- Doe de lichten en de alarmlichten uit. Dit is om elektrische schokken of schade aan de lampen te voorkomen.
- Verwijder de lens van het achterlicht. Dit wordt meestal gedaan door de schroeven of bouten te verwijderen waarmee de lens op zijn plaats wordt gehouden.
- Zoek de lamp die moet worden vervangen.
- Druk de lamp naar binnen en draai hem tegen de klok in. De lamp moet dan uit de fitting springen.
- Plaats de nieuwe lamp in de fitting. Duw hem naar binnen en draai hem met de klok mee totdat hij op zijn plaats klikt.
- Bevestig de lens van het achterlicht opnieuw. Vervang de schroeven of bouten die u eerder hebt verwijderd.
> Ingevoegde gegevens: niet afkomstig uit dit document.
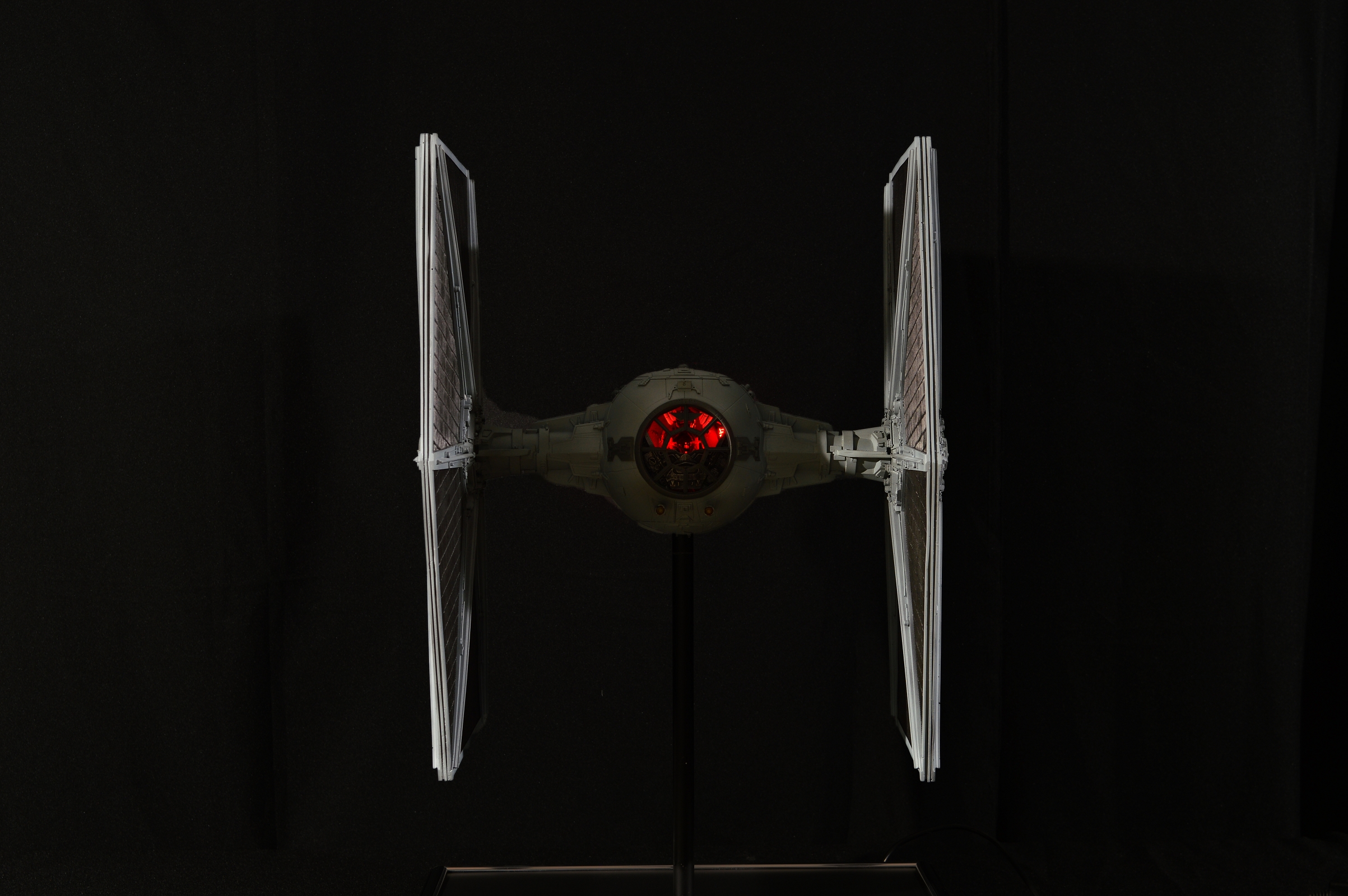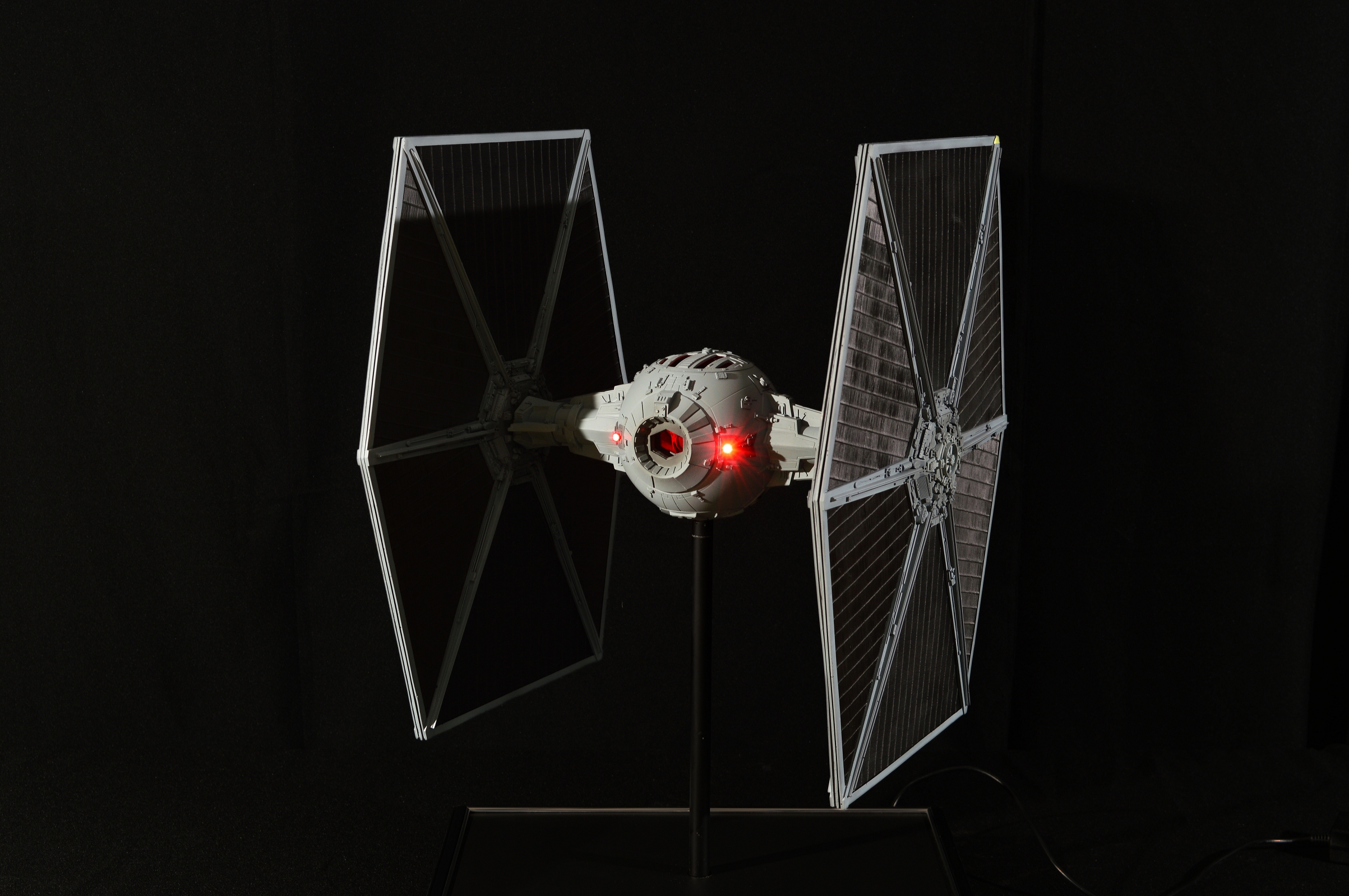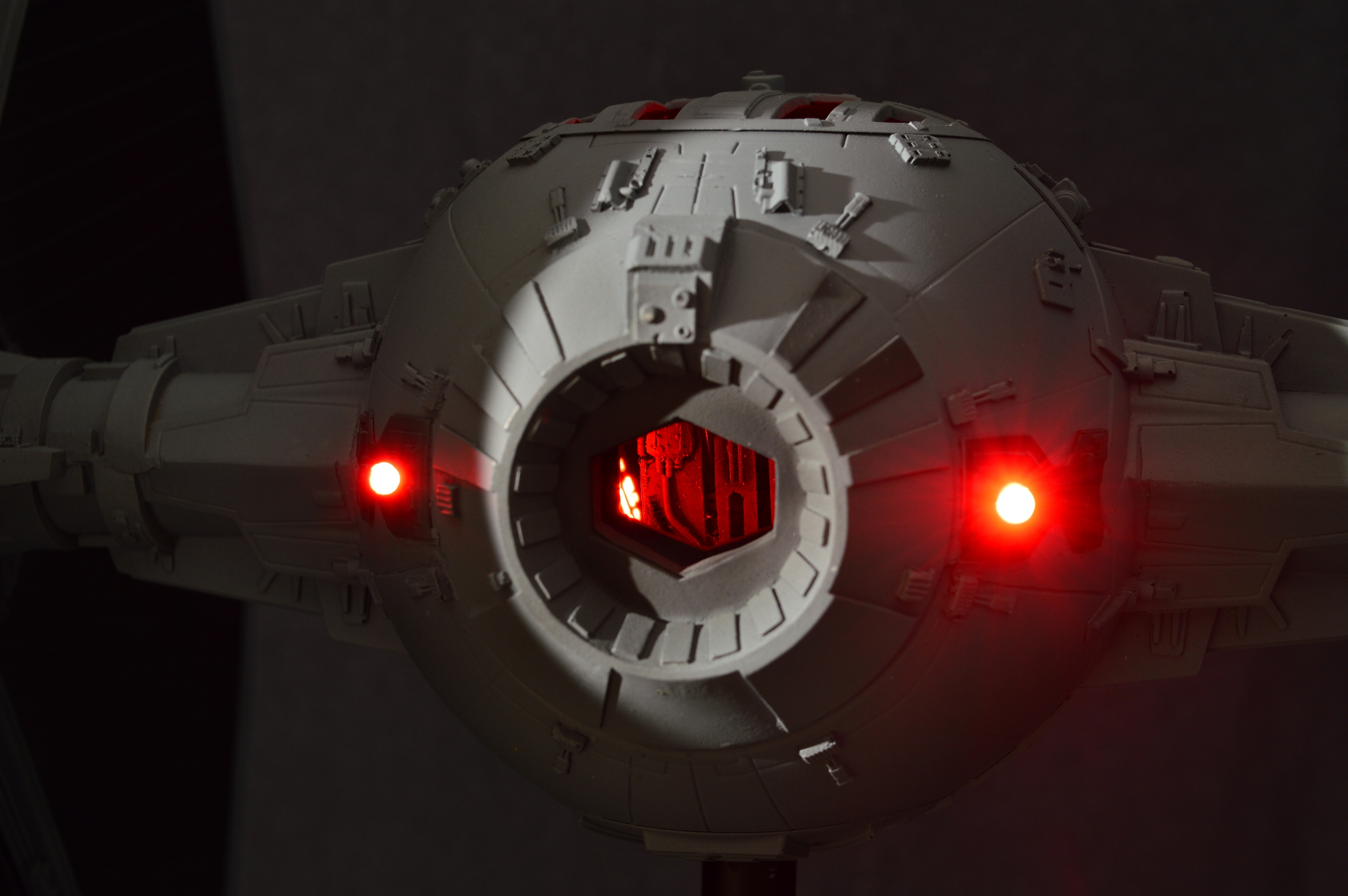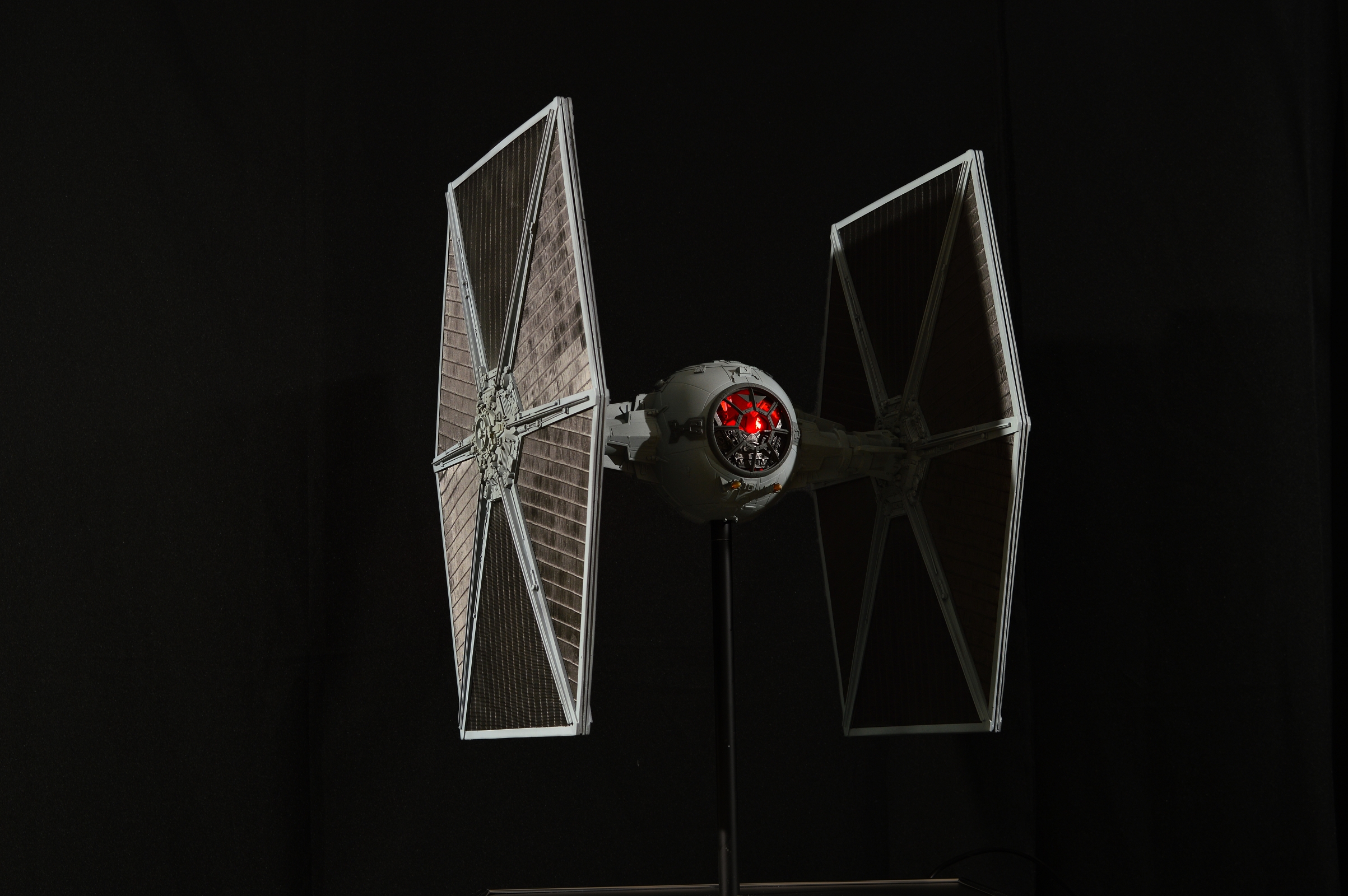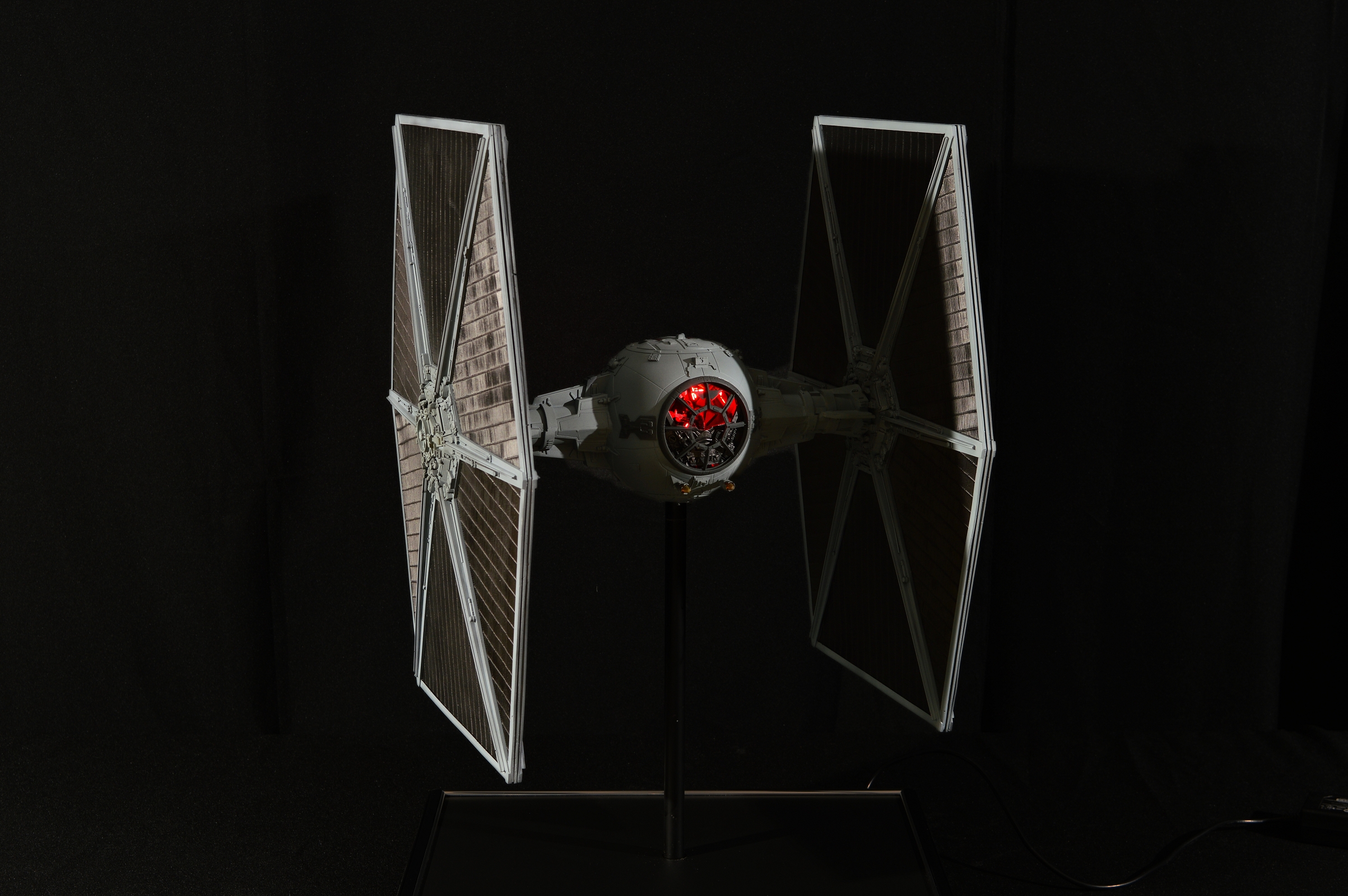 The Tie Fighter in 1/18 its a mashup of different kits and scratch build parts. The Cockpit is very special on that peace. I scratch built the design of the life size cockpit instead of the studio models cockpit. This piece sold before we could even show it here on Modeler Magic!
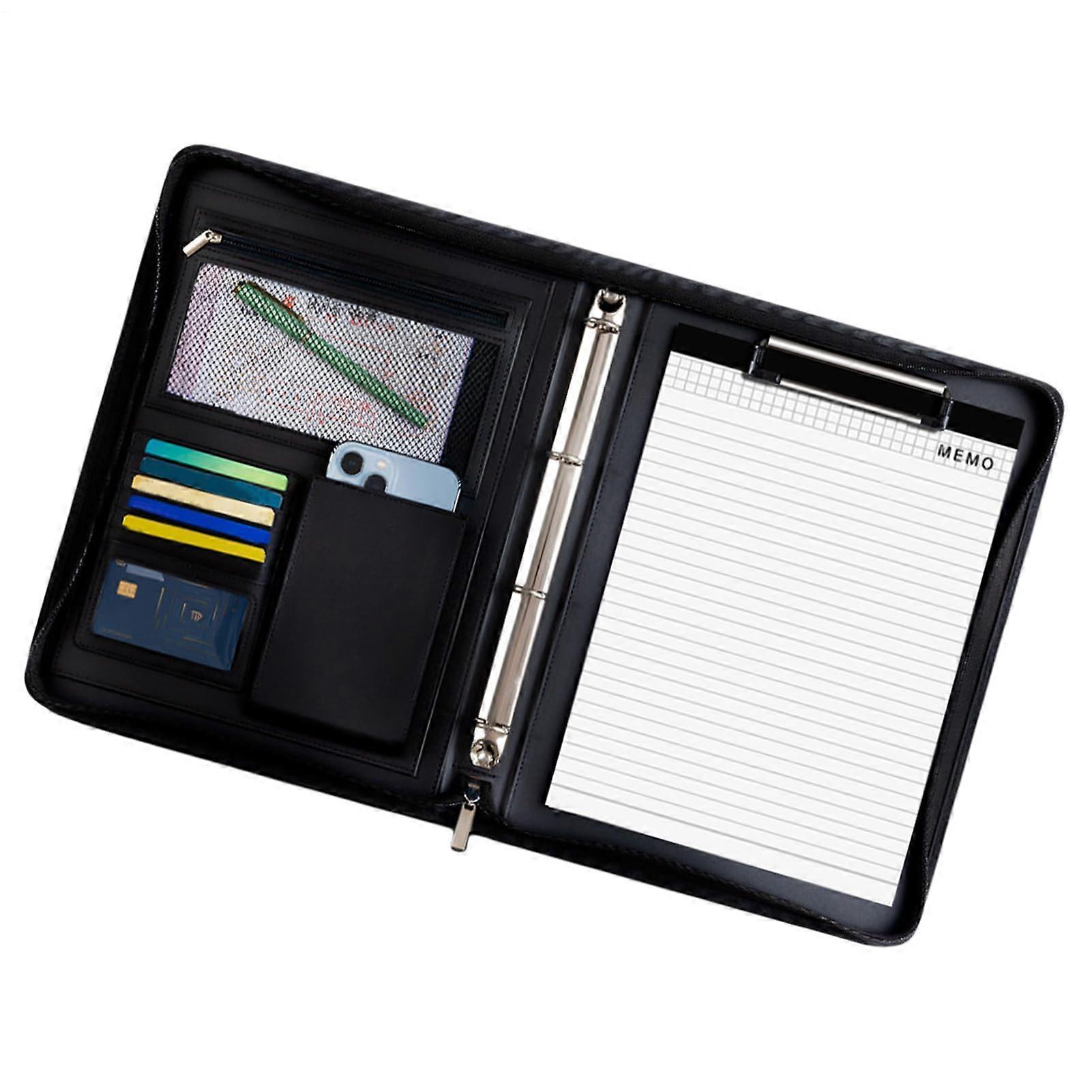 Leather Padfolio Executive Notepad Holder, CV File, Leather Folder Slim Profile, Black

- Test het remlicht. Schakel de lichten en de alarmlichten in om er zeker van te zijn dat de nieuwe lamp werkt.
Hier zijn enkele aanvullende tips:
- Zorg ervoor dat u de juiste lamp voor uw voertuig heeft.
- Als u een halogeenlamp vervangt, raak dan het glazen deel van de lamp niet aan. Hierdoor kan de lamp voortijdig defect raken.
- Als u een LED-lamp vervangt, zorg er dan voor dat deze compatibel is met het elektrische systeem van uw voertuig.